This Summary is provided to introduce a selection of concepts in a simplified form that are further described below in the Detailed Description. This Summary is not intended to identify key features or essential features of the claimed subject matter, nor is it intended to be used to limit the scope of the claimed subject matter.

BRIEF DESCRIPTION OF THE DRAWINGS

In the drawings,

FIG. 1 is a diagram of an embodiment showing a system for using conventions in code development.

FIG. 2 is a diagram of an embodiment showing a sequence for using conventions in code development.

FIG. 3 is a flowchart of an embodiment showing a method for using conventions and overrides in code development.

DETAILED DESCRIPTION

A programming environment may infer database objects from memory objects and memory objects from database objects. The inferences may allow a programmer to define objects in one form and use the objects in another form, and the inferences may be stored in a configuration database.

The inferences may be made from a set of conventions that interpret the various objects to create a corresponding object. The set of conventions may be expanded and modified to address different naming conventions, data type interpretations, or other situations. The conventions may produce an entity data model or object-relational mapping of the various objects in a set of code.

The conventions may infer many different items from the source code. These inferences may or may not be what a programmer is expecting. When the conventions infer something that is unexpected or unwanted, the programmer may override or change the inference by using an application programming interface (API).

The overrides or changes may be used to change single instances of a convention. In many cases, a convention may be invoked multiple times when applied to the code, and the programmer may be able to change the effects of the convention in one case but not another.

Throughout this specification, like reference numbers signify the same elements throughout the description of the figures.

When elements are referred to as being “connected” or “coupled,” the elements can be directly connected or coupled together or one or more intervening elements may also be present. In contrast, when elements are referred to as being “directly connected” or “directly coupled,” there are no intervening elements present.

The subject matter may be embodied as devices, systems, methods, and/or computer program products. Accordingly, some or all of the subject matter may be embodied in hardware and/or in software (including firmware, resident software, micro-code, state machines, gate arrays, etc.) Furthermore, the subject matter may take the form of a computer program product on a computer-usable or computer-readable storage medium having computer-usable or computer-readable program code embodied in the medium for use by or in connection with an instruction execution system. In the context of this document, a computer-usable or computer-readable medium may be any medium that can contain, store, communicate, propagate, or transport the program for use by or in connection with the instruction execution system, apparatus, or device.

The computer-usable or computer-readable medium may be, for example but not limited to, an electronic, magnetic, optical, electromagnetic, infrared, or semiconductor system, apparatus, device, or propagation medium. By way of example, and not limitation, computer readable media may comprise computer storage media and communication media.

Computer storage media includes volatile and nonvolatile, removable and non-removable media implemented in any method or technology for storage of information such as computer readable instructions, data structures, program modules or other data.

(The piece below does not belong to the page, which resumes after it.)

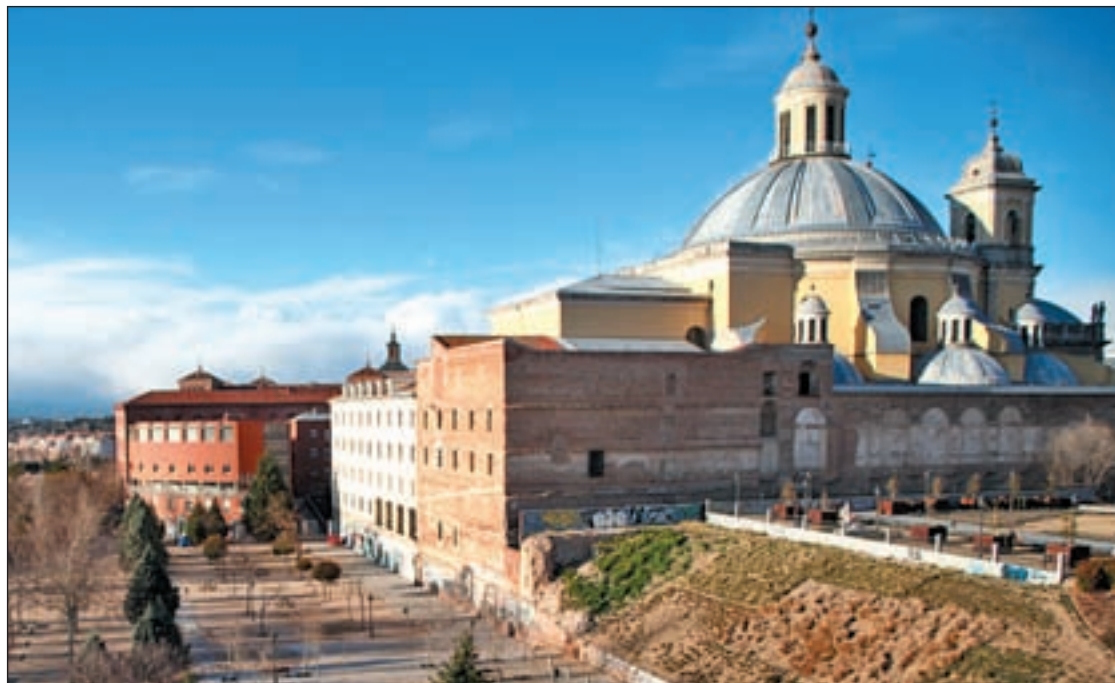
Fachada de las Vistillas

Las negociaciones fueron desde el principio más fluidas con el Partido Socialista, dado que muy pronto Javier Fernández obtuvo el apoyo de IU para la investidura.

Computer storage media includes, but is not limited to, RAM, ROM, EEPROM, flash memory or other memory technology, CD-ROM, digital versatile disks (DVD) or other optical storage, magnetic cassettes, magnetic tape, magnetic disk storage or other magnetic storage devices, or any other medium which can be used to store the desired information and which can accessed by an instruction execution system. Note that the computer-usable or computer-readable medium could be paper or another suitable medium upon which the program is printed, as the program can be electronically captured, via, for instance, optical scanning of the paper or other medium, then compiled, interpreted, of otherwise processed in a suitable manner, if necessary, and then stored in a computer memory.

Communication media typically embodies computer readable instructions, data structures, program modules or other data in a modulated data signal such as a carrier wave or other transport mechanism and includes any information delivery media. The term “modulated data signal” means a signal that has one or more of its characteristics set or changed in such a manner as to encode information in the signal. By way of example, and not limitation, communication media includes wired media such as a wired network or direct-wired connection, and wireless media such as acoustic, RF, infrared and other wireless media. Combinations of the any of the above should also be included within the scope of computer readable media.

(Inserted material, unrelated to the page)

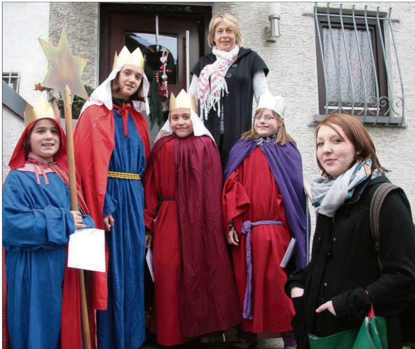
Auch in Klein-Krotzenburg waren die Sternsinger am Wochenende unterwegs. 54 Kinder besuchten in 13 Gruppen Häuser in der Gemeinde, brachten den Weihnachtssegens und sammelten für notleidende Kinder in Tansania. Motto der Aktion war diesmal „Segen bringen, Segen sein“. Über die Ergebnisse der Sternsingeraktionen werden wir noch berichten.

Fastnacht geboten und im Anschluss hieran beginnt eine große bunte Fastnachtsparty mit DJ Chris. Hier können alle gemeinsam mit dem neuen Prinzenpaar bis in die Nacht hinein feiern und tanzen. Alle Narren aus Hainstadt und den benachbarten Gemeinden sind hierzu eingeladen. Um die Stimmung dem Treiben anzupassen, wird um Kostümierung gebeten. Beginn des närrischen Treibens im Mövia-Saal des Vereinsheims an der Eisenbahnstraße ist um 19.01 Uhr, der Einlass erfolgt ab 18.31 Uhr. Es gibt noch einige Karten im Vorverkauf, jedoch sollte man sich beeilen, um sich ein Ticket zu sichern. Erhältlich sind diese bei Lotto am Dallas, Nails and Hands (Gudrun Speicher-Fischer), Sonnen-Apotheke und Sportsbistro in Hainstadt sowie bei allen Mitgliedern des GV Germania und dem Kleinen Rat.

When the subject matter is embodied in the general context of computer-executable instructions, the embodiment may comprise program modules, executed by one or more systems, computers, or other devices. Generally, program modules include routines, programs, objects, components, data structures, etc. that perform particular tasks or implement particular abstract data types. Typically, the functionality of the program modules may be combined or distributed as desired in various embodiments.

FIG. 1 is a diagram of an embodiment 100, showing a device 102 that may be used to create executable application code that includes database information derived from application code.

The diagram of FIG. 1 illustrates functional components of a system. In some cases, the component may be a hardware component, a software component, or a combination of hardware and software. Some of the components may be application level software, while other components may be operating system level components. In some cases, the connection of one component to another may be a close connection where two or more components are operating on a single hardware platform. In other cases, the connections may be made over network connections spanning long distances. Each embodiment may use different hardware, software, and interconnection architectures to achieve the described functions.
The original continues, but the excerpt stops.